3 min read

Market Update

Market Update
Photo by Joshua Mayo / Unsplash

On days like today, I feel like I need to stuff beeswax in my ears - like the Greeks of ancient mythology - to avoid hearing the "siren call" of buying the markets.

With the major indexes all up roughly a percentage point in steady trading (so far) today, the urge is strong.

And maybe this is the real deal? This is one of those situations where we're all just guessing.

On the one hand, it's nice to see oil prices sell off a bit the last 2 days after finishing Friday at 7 year highs:

If oil prices suddenly began to collapse in coming days, it could take a little pressure off the Federal Reserve to raise interest rates - and potentially light a fire under a lot of stocks.

On the other hand, what did I say in Sunday's (subscribers-only) update?

I said to watch for the major indexes to meet (and hopefully exceed) their most recent near-term highs (circled in red in the charts below) before we could get a little more enthusiastic about the overall market again.

From that perspective, today's rally remains under-whelming. The S&P 500 and Nasdaq 100 (representing the largest tech stocks) aren't anywhere close.

In fact, if you take a closer look at the Nasdaq 100 chart below, I've added 4 arrows to point out that even the intra-day rally highs of the last 4 days - are each just a little lower than the day before.

That's no guarantee of further weakness - maybe the markets come roaring back in a giant short-squeeze rally tomorrow. We never know.

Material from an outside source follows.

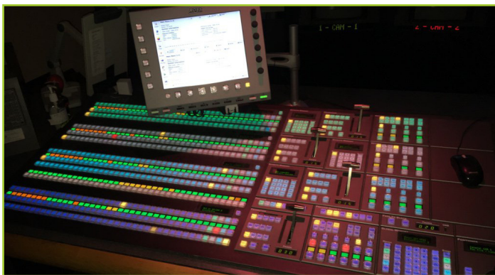
ROSS VISION SWITCHER/OVERDRIVE SYSTEM

But from an instinctive standpoint, it's the confidence-building equivalent of a limp handshake.

Think of it this way - it's like we're playing a game of poker against Wall Street pro traders who have billions of dollars at their disposal.

What cards are Wall Street institutions holding?
Photo by Dylan Clifton / Unsplash

The cards they shown us - a few days of mildly bullish action - look good on paper. And maybe things will get even better from here.

But they might be bluffing, hoping the rest of us will toss in a little more money to the center of the table before they fold their hand and withdraw from the game.

In other words, we rush in to buy the big tech stocks that have sold off so much lately. But in reality, we're just helping Wall Street institutions to exit their huge positions in these stocks - before they engage in another round of selling.

That's why I say, let's wait - and see if the indexes can at least equal or exceed their most recent near-term highs in coming sessions. Anything less than that could be the trading equivalent of a head fake.